## Task instructions:
Nothing but the lines from the first line of the records below to the line holding "Fichte 'Juwel' - ein" belongs in the answer, copied exactly and without pictures.

(Items from a data source)
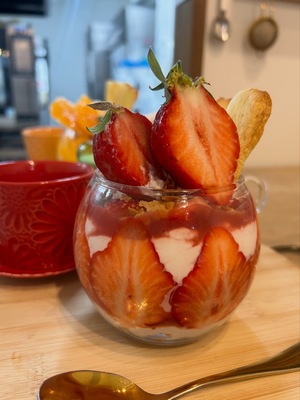 大粒のあまおうDXを入荷致しましたので、福岡県産のあまおうを使用したあまおうパフェもご用意致しました。
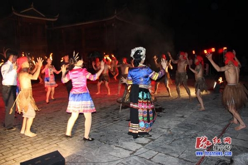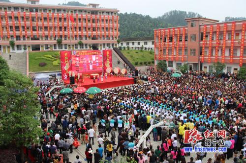 “狂欢苗家"四八",体验神奇黄桑”。5月17日至19日,绥宁县隆重举行苗族“四·八姑娘节”。围绕“好客苗姑、千年苗俗、传统苗艺、精彩苗技”,该县在关峡苗族乡、黄桑坪苗族乡、寨市苗族侗族乡三个民族乡举行一系列具有苗族风情特色的活动。在大园、上堡等村寨,多情的苗姑为欢迎尊贵的客人,捧起了醇浓扑鼻的拦门酒,搭起了丰盛绝伦的合拢宴,端出了香气清馥的油茶,烹出了诱人垂涎的乌米饭,唱起了缠绵婉转的苗家山歌,挑起了热情火辣的芦笙舞。游客们除了欣赏到苗族婚俗、侗寨夜歌、祭火、祭狗、苗王背媳妇、苗族插绣、傩舞及草龙舞等古老苗俗,还亲自参与捉鱼、爬古藤、穿情侣同心鞋、挑战苗家大力士和吹木叶、对山歌等苗乡民俗活动。民情风情文艺汇演让游客置身神秘苗乡的美丽梦境,感受多姿多彩的苗家文化;琳琅满目的非物质文化遗产摊点,为游客展示剪纸、苗绣、雕花蜜饯等传统苗族手工艺以及香菇、木耳、干笋、米酒、腊肉、乌米饭、青钱柳等传统苗乡特产。苗家斗高脚马、荡秋千、摔跤、打地老鼠、苗家大力士擂台赛等精彩苗家特技让广大游客大饱眼福;红红的篝火、浓浓的鼓声、古老的傩舞,更是让广大游客激情狂欢。
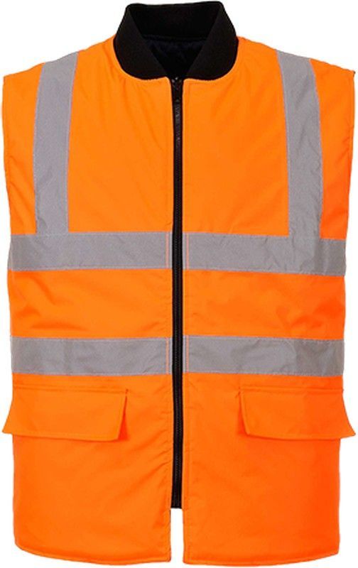 Chaleco de calor reversible de alta visibilidad en color naranja, ideal para trabajos en exteriores o condiciones climáticas frías. Con bandas reflectantes grises para mayor seguridad y visibilidad. Fabricado en poliéster y algodón, cuenta con cierre frontal de cremallera y bolsillos frontales con solapa. Diseño funcional y resistente, perfecto par
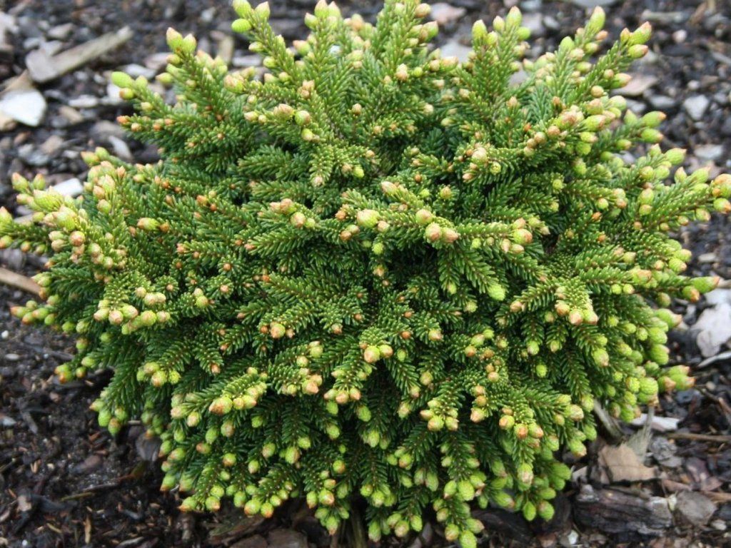Fichte 'Juwel' - ein schöner Hexenbesen - d.h. eine kleine, langsam wachsende Pflanze, die alle positiven Eigenschaften der ursprünglichen Art beibehält, abgesehen von der Wuchsgeschwindigkeit. Juwel hat dunkelgrüne Nadeln, eine kugelförmige Form, die allmählich in eine konische übergeht. Die jährlichen Zuwächse sind nur 2 cm lang und im Frühling schmückt der Strauch mit einer wunderschönen, frischgrünen Farbe, die scharf mit dem dunkelgrünen Nadelwerk des Vorjahres kontrastiert. Der Kultivar erreicht standardmäßig eine Höhe von ca. 0,6 - 0,8 m. Dank seines Wuchses eignet er sich für Staudenbeete, Steingärten oder Kübel. Er ist nicht anspruchsvoll im Anbau und sehr frostbeständig. Diese attraktive Sorte sollte in keinem Garten fehlen.
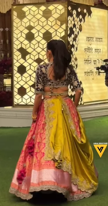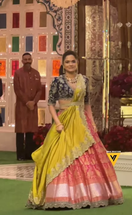However, Radhika's sister, Anjali Merchant's look at the event left us awestruck. For her sister's haldi ceremony, Anjali Merchant slipped into a mult-hued regal lehenga set. She paired it with a blue-toned choli with intricate silver work all over. The Banarasi skirt was set in the hues of orange and pink. Anjali teamed her ensemble with a mustard-toned dupatta.
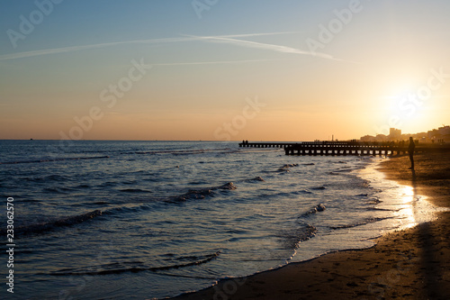Fototapeta premium Beach at dawn, piers perspective view
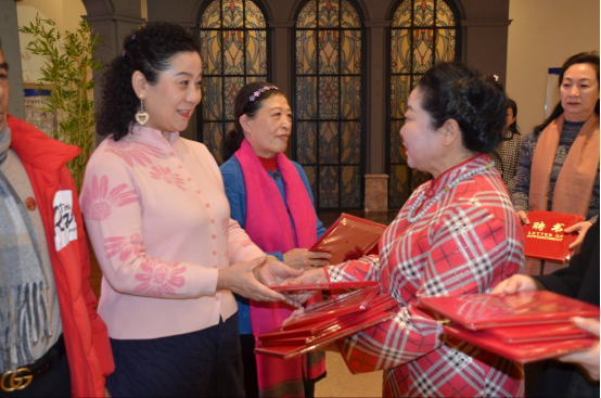 再次被聘为联谊会顾问的中国企业文化研究会研究员陈步峰与国学专家李宝臣给与会领导文友敬赠专著。
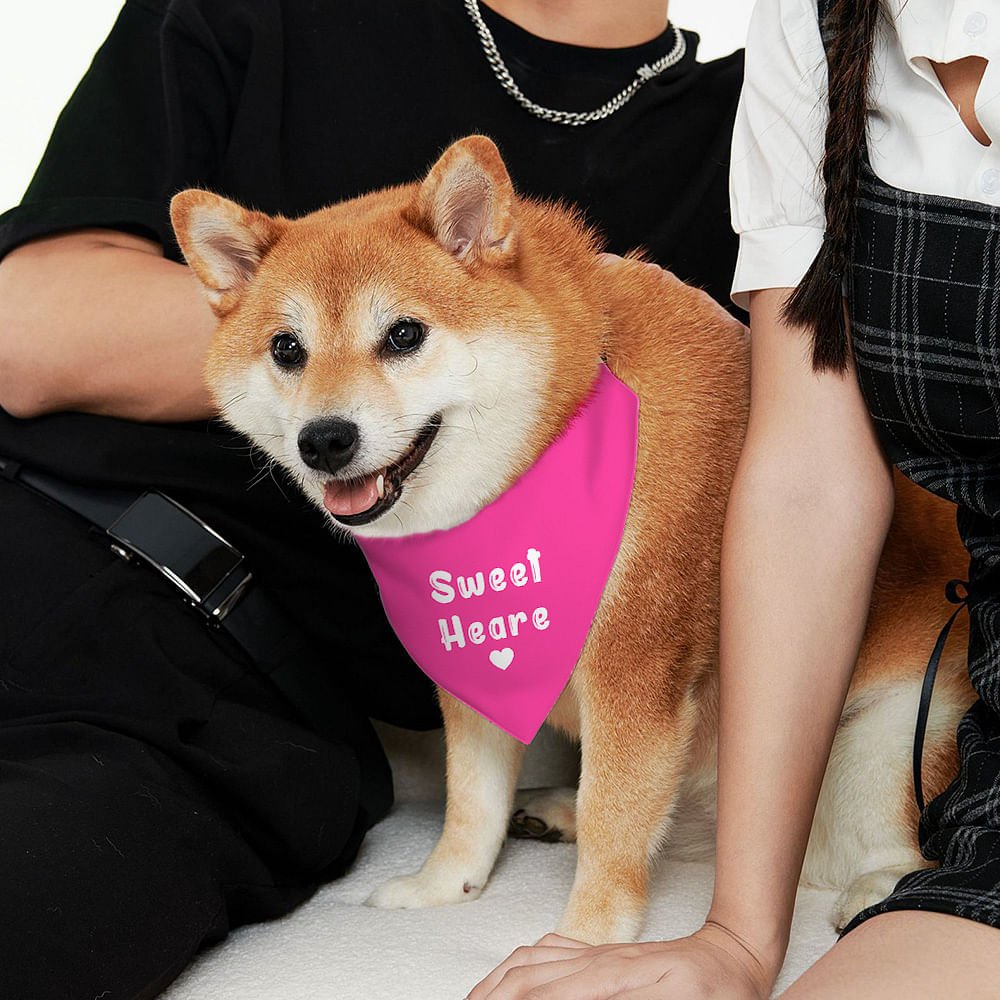 This charming bandana is designed with vibrant and eye-catching colors, perfect for adding a pop of color and style to your furry friend’s wardrobe. You can also personalize texts in it, such as your pet’s name or holiday blessings. Let your pet strut their stuff in this fashionable accessory that will surely make heads turn at the park or on Valentine’s Day!
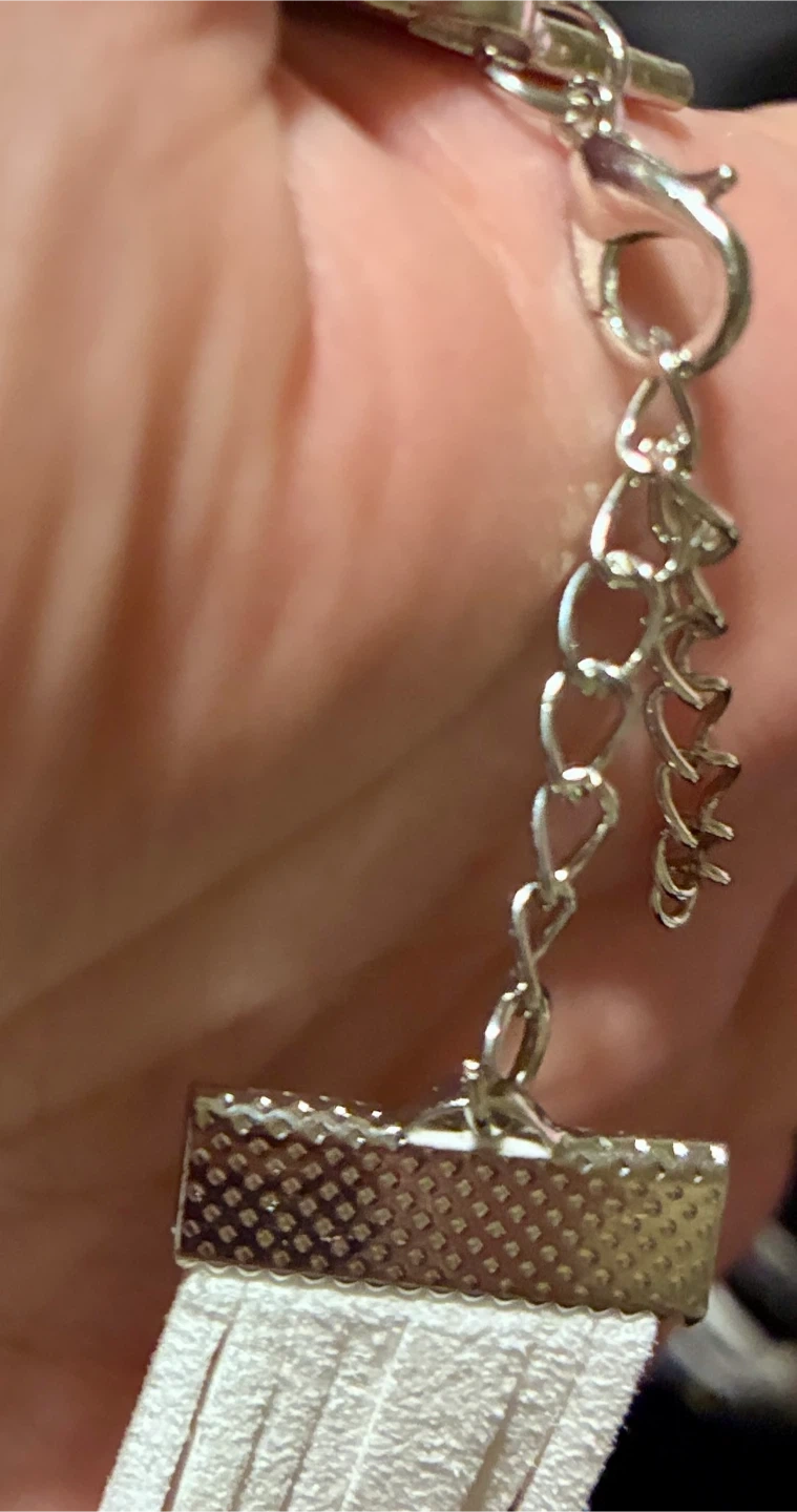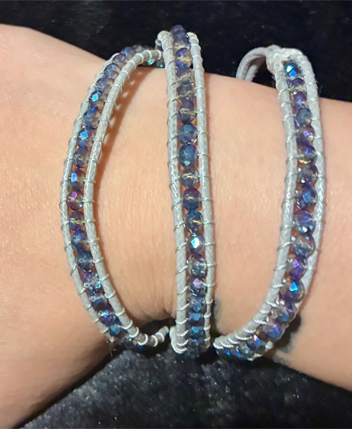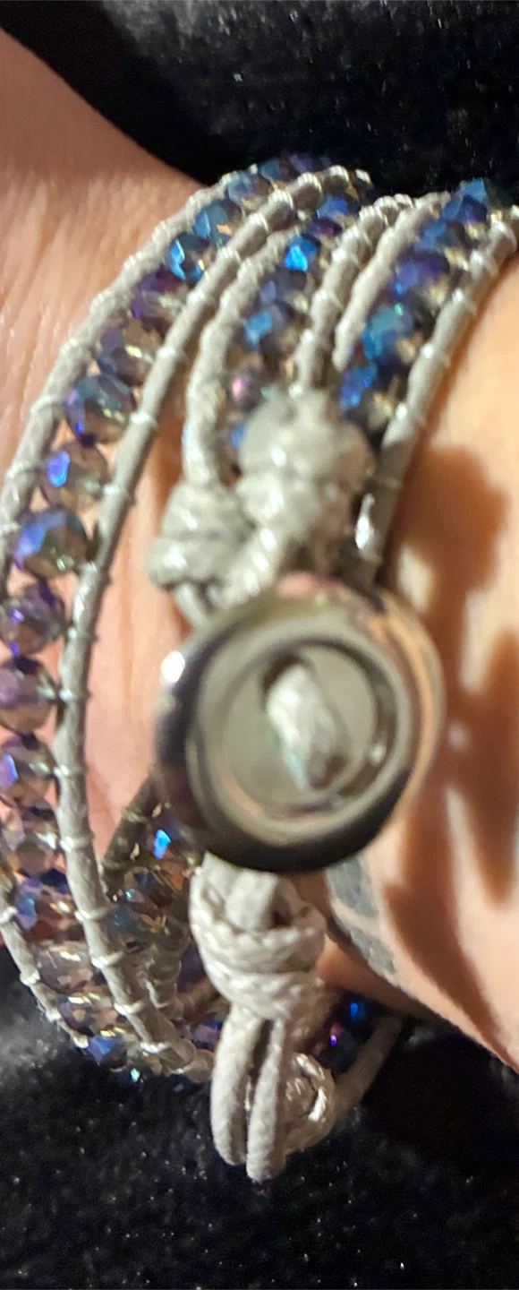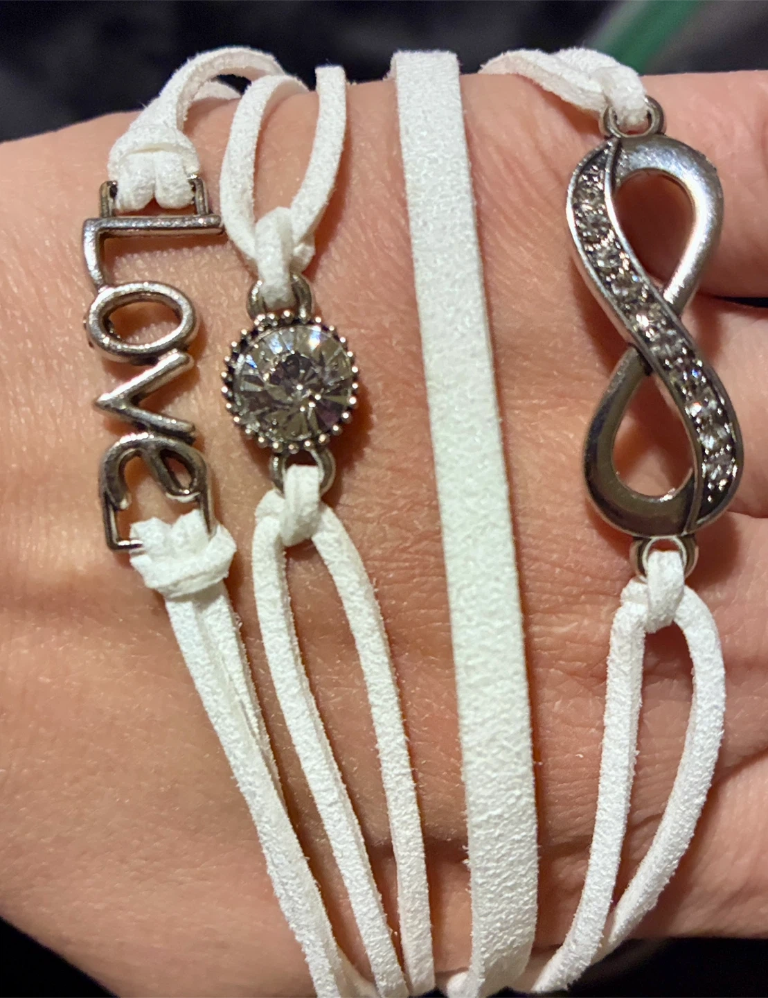 These wrap bracelets features a white cord and colorful beads. It includes 'Love' and infinity symbol charms with rhinestones. And the other gray leather with aqua blue beads. Adjustable snap closure.
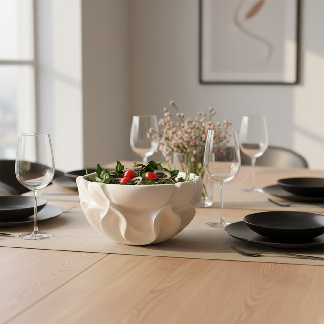 The vase has a glossy white finish and a stylish, fluted design on the bottom half. The clean, elegant look makes them perfect for holding flowers or simply as decorative pieces for any room in your home.
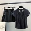 [2-piece] black short-sleeved black skirt
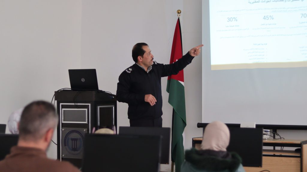 واستعرض المحاضر،الرائد المهندس وسام الخشاشنة، أبرز الأسس والمعايير الدولية للتعامل الآمن مع المواد الكيميائية، مشدداً على ضرورة الالتزام الصارم بإرشادات السلامة العامة وارتداء معدات الوقاية.
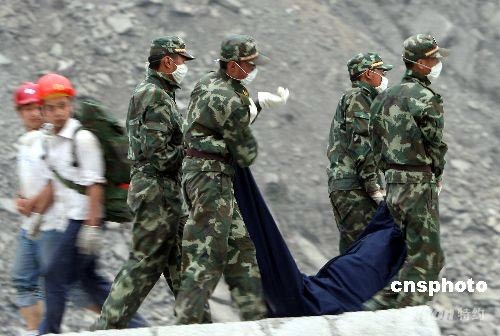 通往四川省汶川地震核心重災(zāi)區(qū)映秀鎮(zhèn)的簡易公路5月17日打通后,各路專業(yè)救援隊(duì)繼續(xù)在廢墟中尋找可能的幸存者,部分解放軍與武警士兵則負(fù)責(zé)安置遇難者的遺體,以防止發(fā)生疫情。中新社發(fā) 任晨鳴 攝
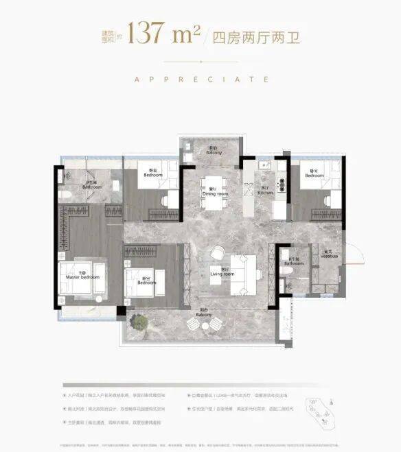 项目提供建面约103-186㎡的南向阔景四房户型,设计上强调无遮挡阔景视野和LDKB墅级阔厅,确保每户都能享有南向超大采光面。这些户型不仅使用率高达110%-120%,而且通过精心的设计实现了同等总价更大面积、同等面积更大尺度的效果,满足了改善型居住的需求。
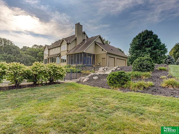 Contract Pending Contract pending - home on market for backup offers. This impressive 2-story custom-built 5-bedroom home along the Elkhorn River provides the best of so many worlds! Highly rated Elkhorn schools. Flat 1.69 acre lot backing to both heavy tree line & scenic pasture land. 20 x 40 in-ground pool. And massive picture windows to soak in the amazing views! This is an incredibly special home. Welcoming entryway steps down into large open living room w/ 2-sided fireplace. Fabulous & functional kitchen has large walk-in pantry. Unique floorplan provides main floor bedroom & office & three 2nd floor bedrooms. Spacious primary bedroom w/ incredible views & luxury ensuite w/ walk-in shower, whirlpool tub, 2 walk-in closets! Walkout finished basement well-equipped for pool parties w/ polished concrete floors, family room w/ wet bar, laundry hookups, & full bathroom. Screened deck & flat grassy yard make hosting gatherings a dream! Hot & cold H2O in garage. Attic storage. Newer HVAC.
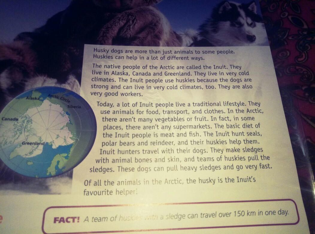 Сегодня множество инуитов живут традиционным способом жизни.Они используют животных как еду,транспорт и одежду.В Арктике не так уж много овощей или фруктов.Кстати говоря,в некоторых местах нет супермаркетов.Обычное меню инуитов это мясо и рыба.Инуиты охотятся на морских котиков,полярных медведей и северных оленей и их хаски помогают им.Инуитские охотники путешествуют с их собаками.Они создают сани из костей и кожи животных и стая хаски передвигают сани.эти собаки могут передвигать тяжелые сани и идти очень быстро.
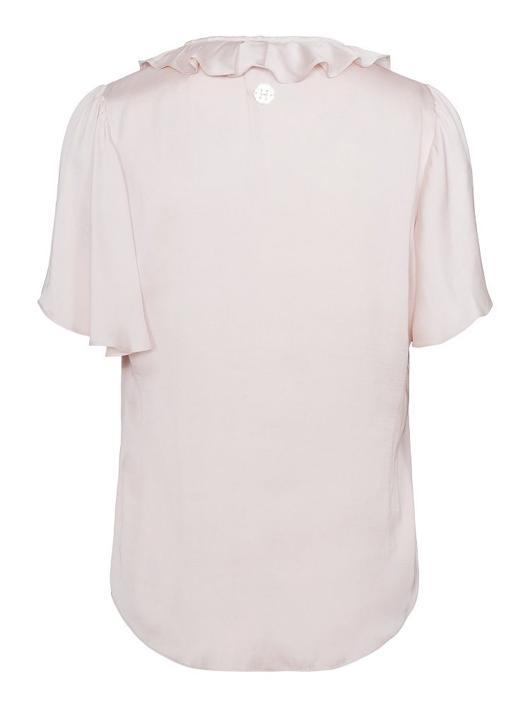 En feminin og elegant bluse fra med et mykt og romantisk uttrykk. Blusen har en flatterende V-utringning med volangdetaljer og knyting i front, dekorert med dusker som tilfører et lekent og sofistikert preg. De korte ermene og den avslappede passformen gir en lett og luftig silhuett som faller pent.
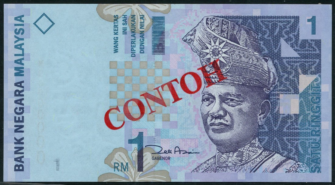 Bank Negara, Malaysia, specimen 1 ringgit, ND (2000-), zero serial numbers, pale blue and multicoloured, Tunku Abdul Rahman at right, Aziz signature low centre

## Exercise output:
 大粒のあまおうDXを入荷致しましたので、福岡県産のあまおうを使用したあまおうパフェもご用意致しました。
 “狂欢苗家"四八",体验神奇黄桑”。5月17日至19日,绥宁县隆重举行苗族“四·八姑娘节”。围绕“好客苗姑、千年苗俗、传统苗艺、精彩苗技”,该县在关峡苗族乡、黄桑坪苗族乡、寨市苗族侗族乡三个民族乡举行一系列具有苗族风情特色的活动。在大园、上堡等村寨,多情的苗姑为欢迎尊贵的客人,捧起了醇浓扑鼻的拦门酒,搭起了丰盛绝伦的合拢宴,端出了香气清馥的油茶,烹出了诱人垂涎的乌米饭,唱起了缠绵婉转的苗家山歌,挑起了热情火辣的芦笙舞。游客们除了欣赏到苗族婚俗、侗寨夜歌、祭火、祭狗、苗王背媳妇、苗族插绣、傩舞及草龙舞等古老苗俗,还亲自参与捉鱼、爬古藤、穿情侣同心鞋、挑战苗家大力士和吹木叶、对山歌等苗乡民俗活动。民情风情文艺汇演让游客置身神秘苗乡的美丽梦境,感受多姿多彩的苗家文化;琳琅满目的非物质文化遗产摊点,为游客展示剪纸、苗绣、雕花蜜饯等传统苗族手工艺以及香菇、木耳、干笋、米酒、腊肉、乌米饭、青钱柳等传统苗乡特产。苗家斗高脚马、荡秋千、摔跤、打地老鼠、苗家大力士擂台赛等精彩苗家特技让广大游客大饱眼福;红红的篝火、浓浓的鼓声、古老的傩舞,更是让广大游客激情狂欢。
 Chaleco de calor reversible de alta visibilidad en color naranja, ideal para trabajos en exteriores o condiciones climáticas frías. Con bandas reflectantes grises para mayor seguridad y visibilidad. Fabricado en poliéster y algodón, cuenta con cierre frontal de cremallera y bolsillos frontales con solapa. Diseño funcional y resistente, perfecto par
Fichte 'Juwel' - ein schöner Hexenbesen - d.h. eine kleine, langsam wachsende Pflanze, die alle positiven Eigenschaften der ursprünglichen Art beibehält, abgesehen von der Wuchsgeschwindigkeit. Juwel hat dunkelgrüne Nadeln, eine kugelförmige Form, die allmählich in eine konische übergeht. Die jährlichen Zuwächse sind nur 2 cm lang und im Frühling schmückt der Strauch mit einer wunderschönen, frischgrünen Farbe, die scharf mit dem dunkelgrünen Nadelwerk des Vorjahres kontrastiert. Der Kultivar erreicht standardmäßig eine Höhe von ca. 0,6 - 0,8 m. Dank seines Wuchses eignet er sich für Staudenbeete, Steingärten oder Kübel. Er ist nicht anspruchsvoll im Anbau und sehr frostbeständig. Diese attraktive Sorte sollte in keinem Garten fehlen.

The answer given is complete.